• Problem details: Through to the final line, write out the records below exactly, omitting any images they contain.

• Data for review:
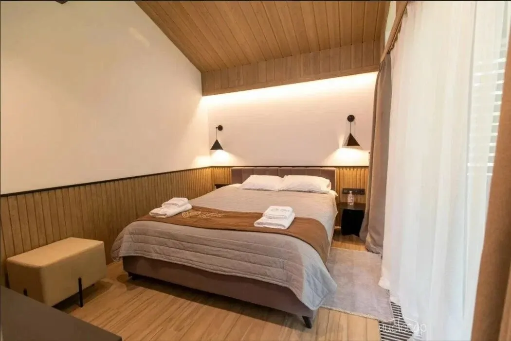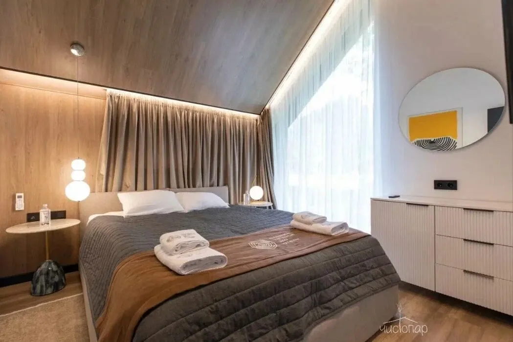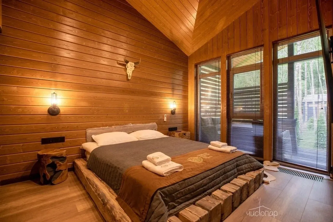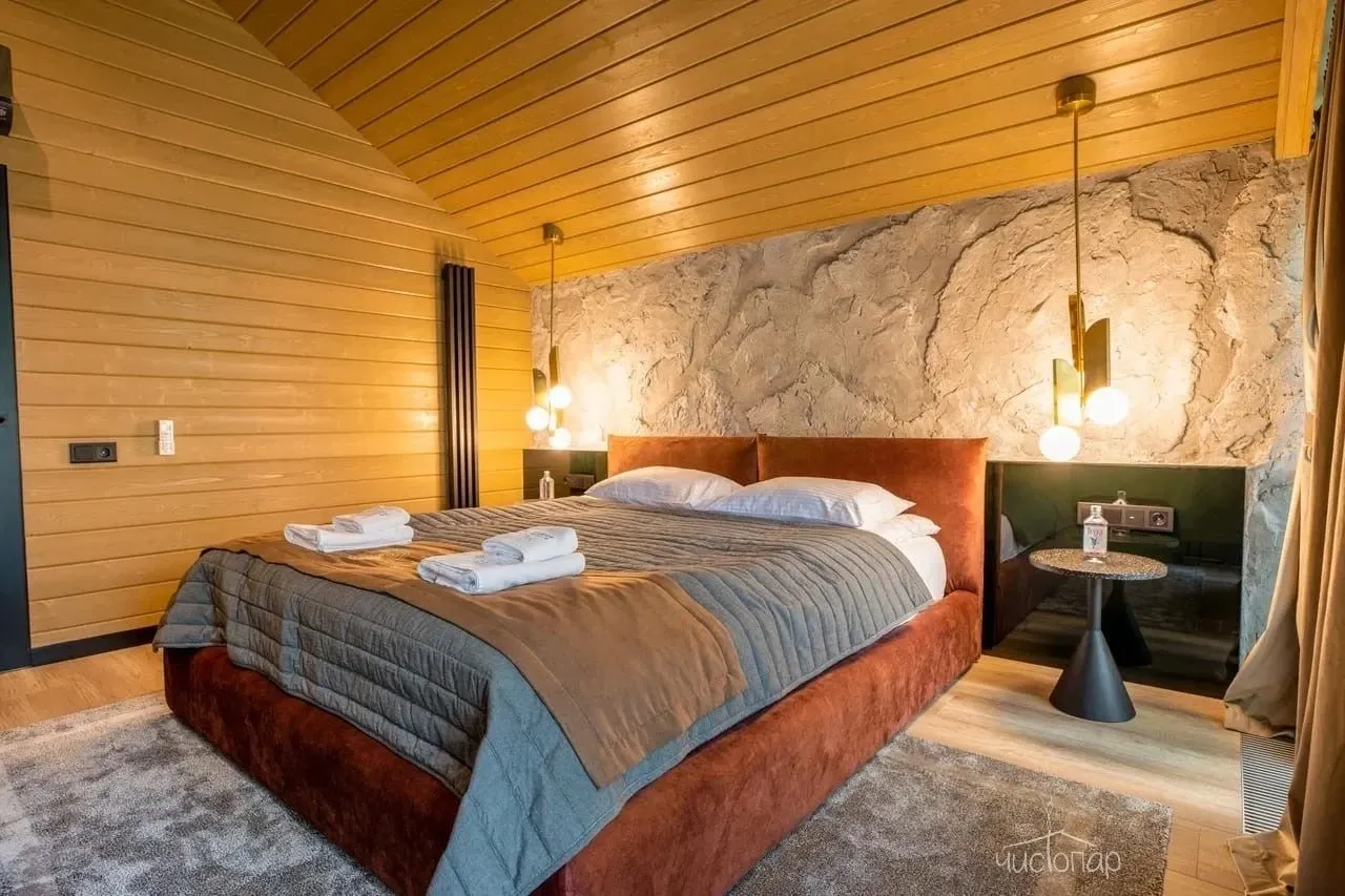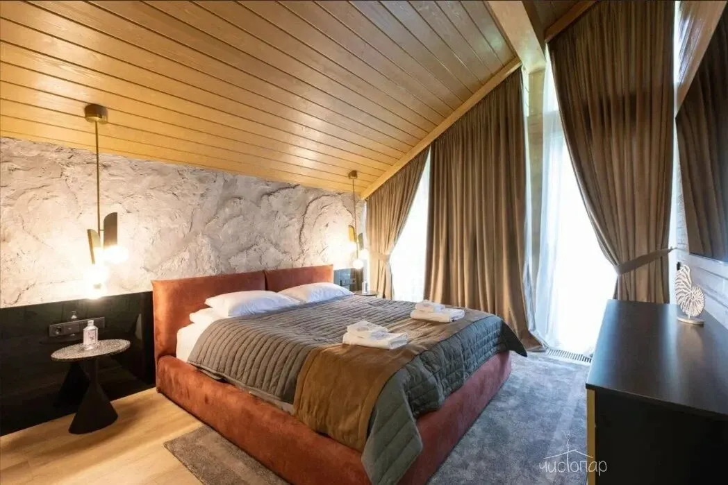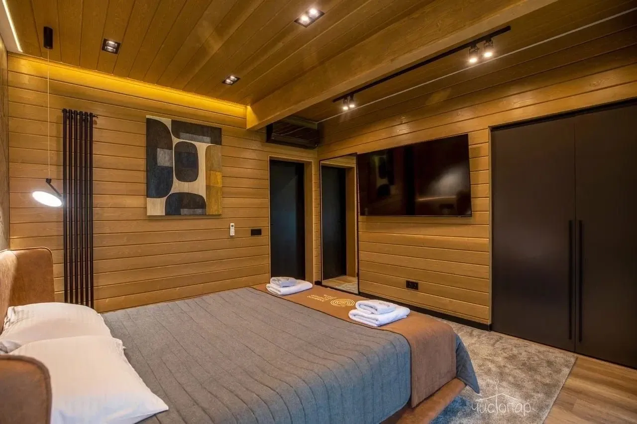 Для отдыха предусмотрены четыре просторные спальни, в каждой из которых установлена большая кровать KING-SIZE с анатомическим матрасом и качественными подушками. Приватные зоны выполнены в спокойной цветовой гамме. Сочетание комфортной мебели, натуральных материалов в декоре и отделке стен, пола и потолка обеспечат отдыхающим хороший сон.
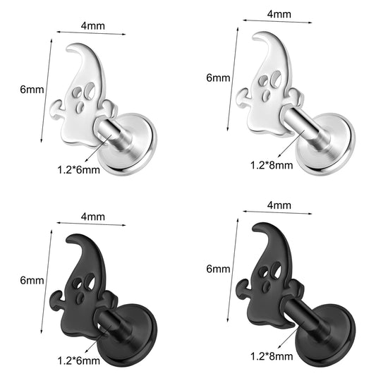 16g Ghost Labret Ring Flat Back Stud Earring Conch Helix Lip Piercing
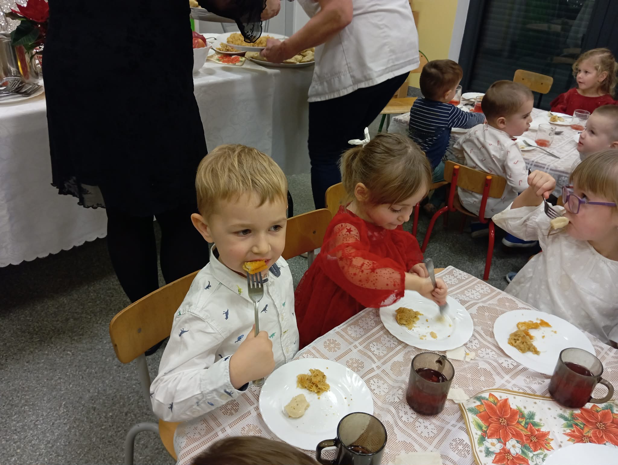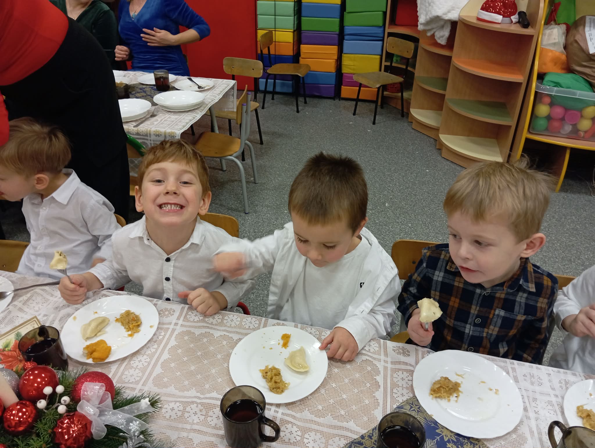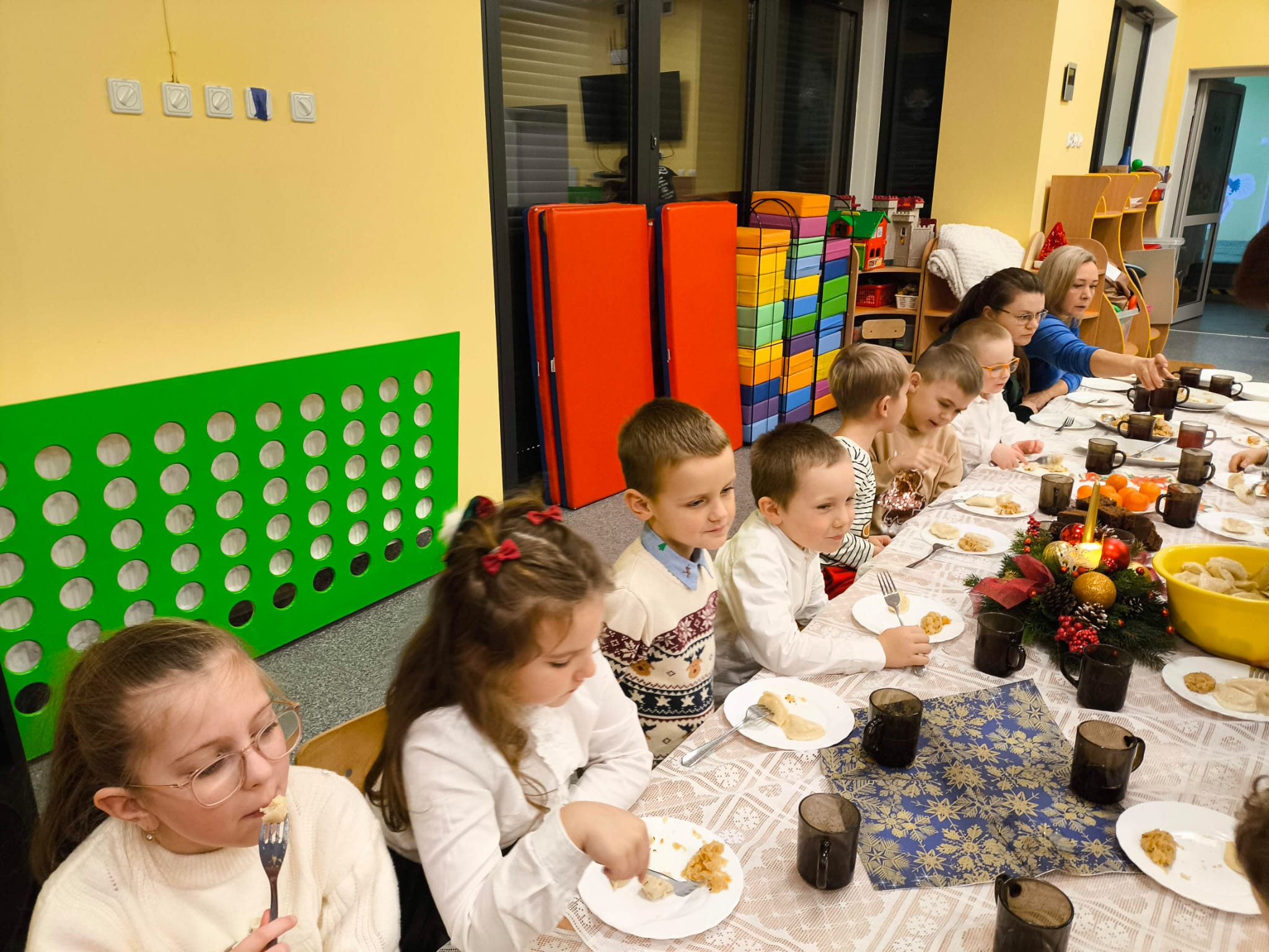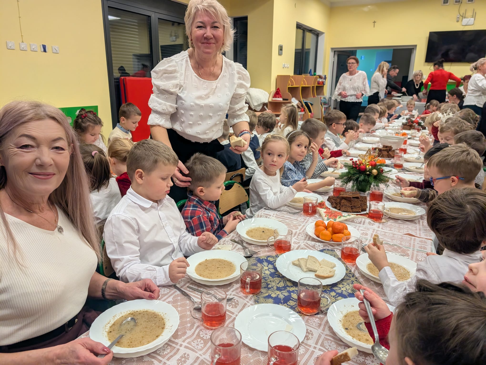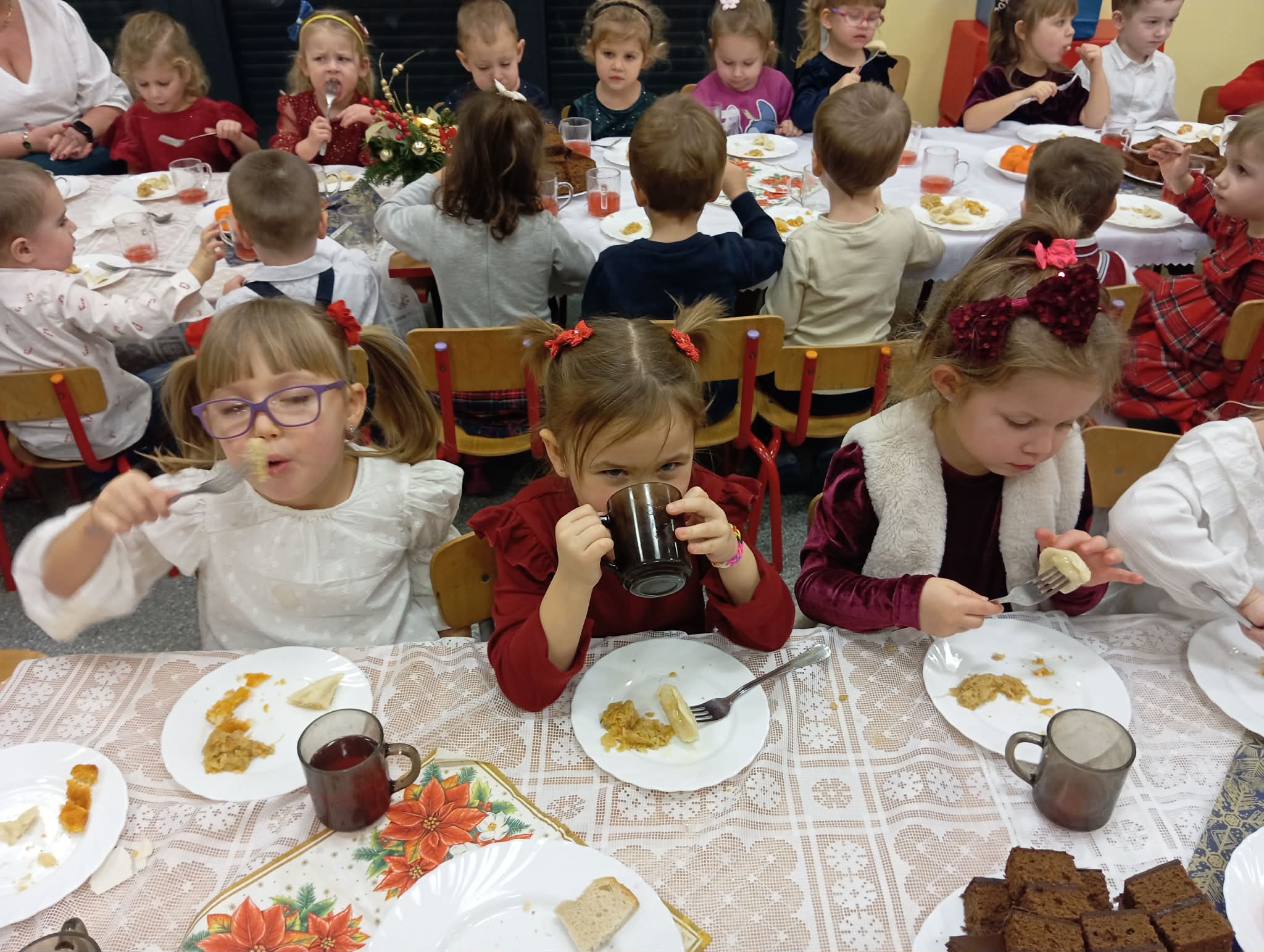 Po tej wzruszającej chwili zasiedliśmy do wspólnego stołu, by spróbować tradycyjnych potraw wigilijnych. Na naszych talerzach pojawił się aromatyczny barszcz biały, delikatne pierożki, świąteczna kapustka, smakowita rybka, a na deser — pachnący korzennymi przyprawami piernik, który dzieci zajadały z ogromną radością.
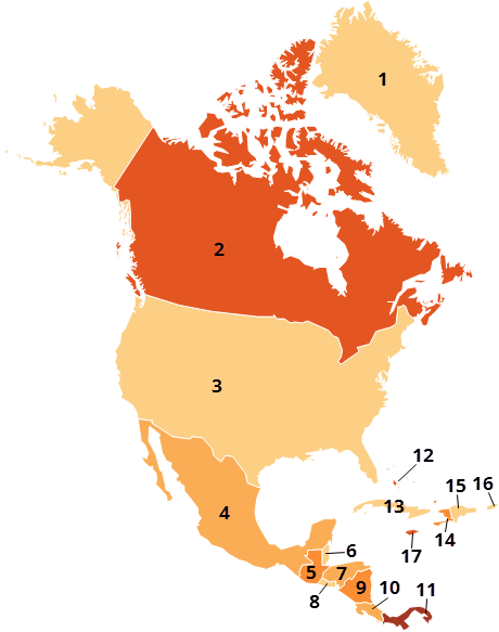 You may reference countries in North America using their names or their two-letter ISO-3166 codes. You can use the following map and numbered list to determine the code for each country:
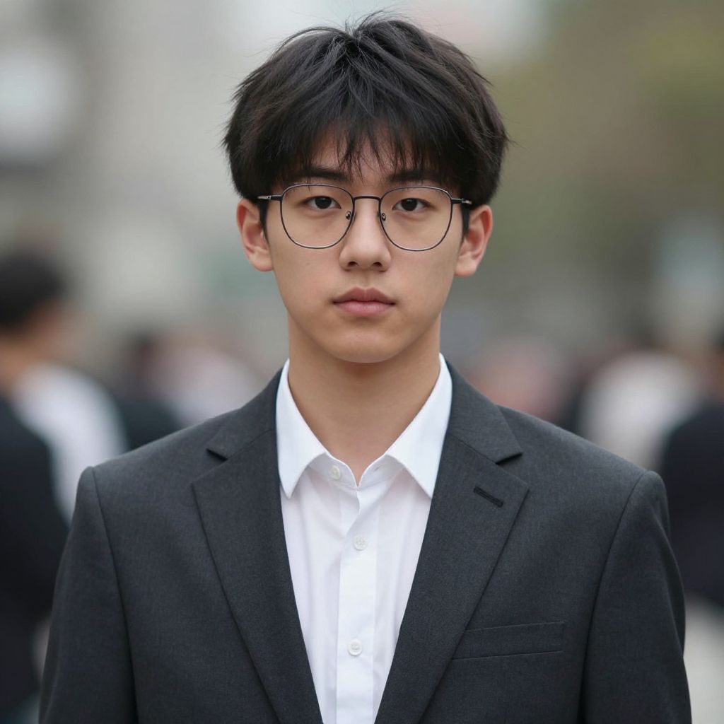 Photograph of a young Asian man with straight black hair and glasses, standing in an urban outdoor setting. He wears a black suit jacket over a white dress shirt, looking directly at the camera with a neutral expression. The background is blurred, featuring indistinct people and muted colors, suggesting a busy street scene. His skin tone is light, and his facial features are soft and youthful. The overall style is modern and professional.
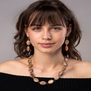 The pink tan colour and 8mm aura glass bead adds a touch of warmth and femininity, making these earrings a versatile choice for various occasions.
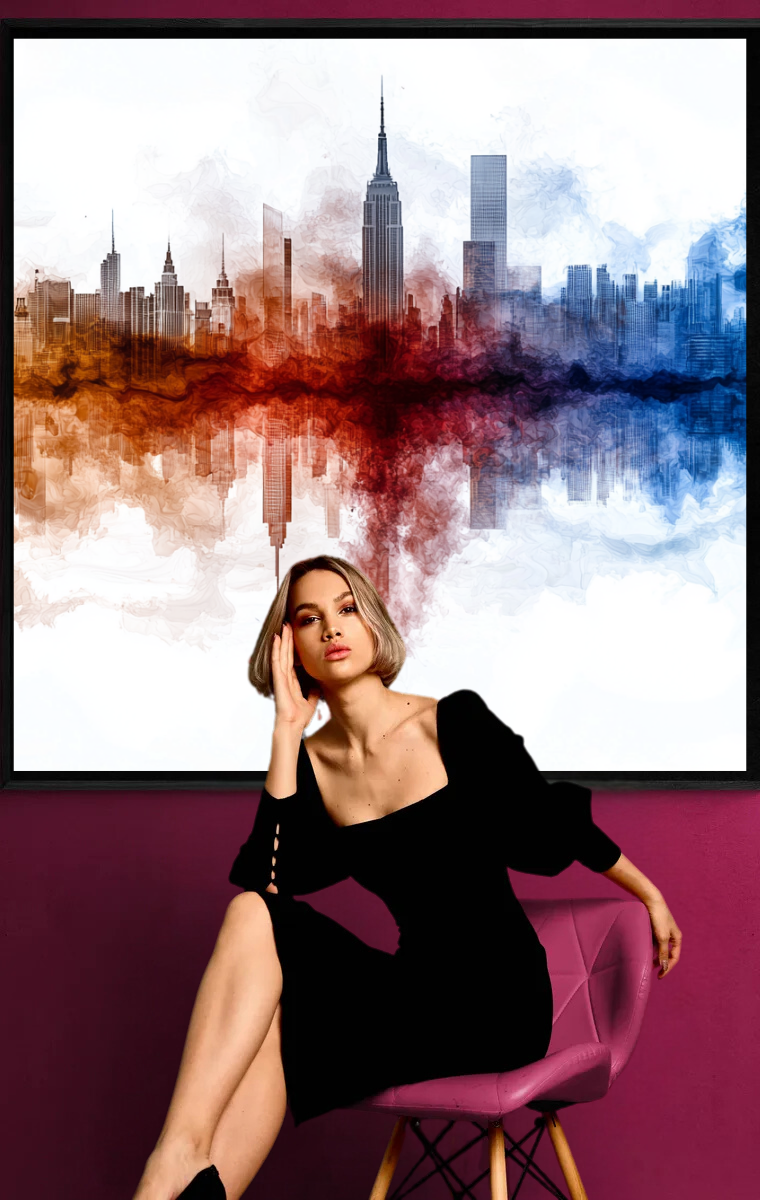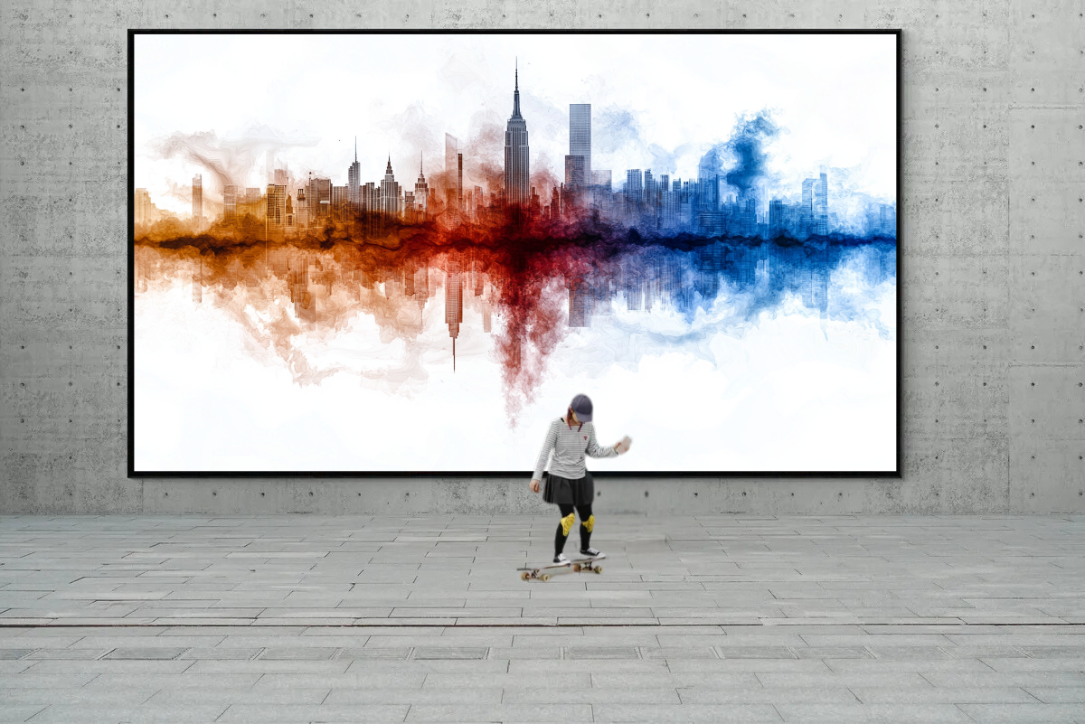 In diesem eindrucksvollen Kunstwerk erhebt sich die Silhouette einer modernen Skyline, die durch eine symmetrische Spiegelung in kontrastierenden Flammen- und Blautönen dargestellt wird. Der fließende Übergang von warmen Braun- und Rottönen zu kühlen Blautönen symbolisiert eine Harmonie zwischen Feuer und Wasser, zwischen städtischer Energie und Ruhe. Die weiche, wolkenartige Textur verleiht der Szenerie eine lebendige und dennoch verträumte Atmosphäre.

• Solution for this task:
 Для отдыха предусмотрены четыре просторные спальни, в каждой из которых установлена большая кровать KING-SIZE с анатомическим матрасом и качественными подушками. Приватные зоны выполнены в спокойной цветовой гамме. Сочетание комфортной мебели, натуральных материалов в декоре и отделке стен, пола и потолка обеспечат отдыхающим хороший сон.
 16g Ghost Labret Ring Flat Back Stud Earring Conch Helix Lip Piercing
 Po tej wzruszającej chwili zasiedliśmy do wspólnego stołu, by spróbować tradycyjnych potraw wigilijnych. Na naszych talerzach pojawił się aromatyczny barszcz biały, delikatne pierożki, świąteczna kapustka, smakowita rybka, a na deser — pachnący korzennymi przyprawami piernik, który dzieci zajadały z ogromną radością.
 You may reference countries in North America using their names or their two-letter ISO-3166 codes. You can use the following map and numbered list to determine the code for each country:
 Photograph of a young Asian man with straight black hair and glasses, standing in an urban outdoor setting. He wears a black suit jacket over a white dress shirt, looking directly at the camera with a neutral expression. The background is blurred, featuring indistinct people and muted colors, suggesting a busy street scene. His skin tone is light, and his facial features are soft and youthful. The overall style is modern and professional.
 The pink tan colour and 8mm aura glass bead adds a touch of warmth and femininity, making these earrings a versatile choice for various occasions.
 In diesem eindrucksvollen Kunstwerk erhebt sich die Silhouette einer modernen Skyline, die durch eine symmetrische Spiegelung in kontrastierenden Flammen- und Blautönen dargestellt wird. Der fließende Übergang von warmen Braun- und Rottönen zu kühlen Blautönen symbolisiert eine Harmonie zwischen Feuer und Wasser, zwischen städtischer Energie und Ruhe. Die weiche, wolkenartige Textur verleiht der Szenerie eine lebendige und dennoch verträumte Atmosphäre.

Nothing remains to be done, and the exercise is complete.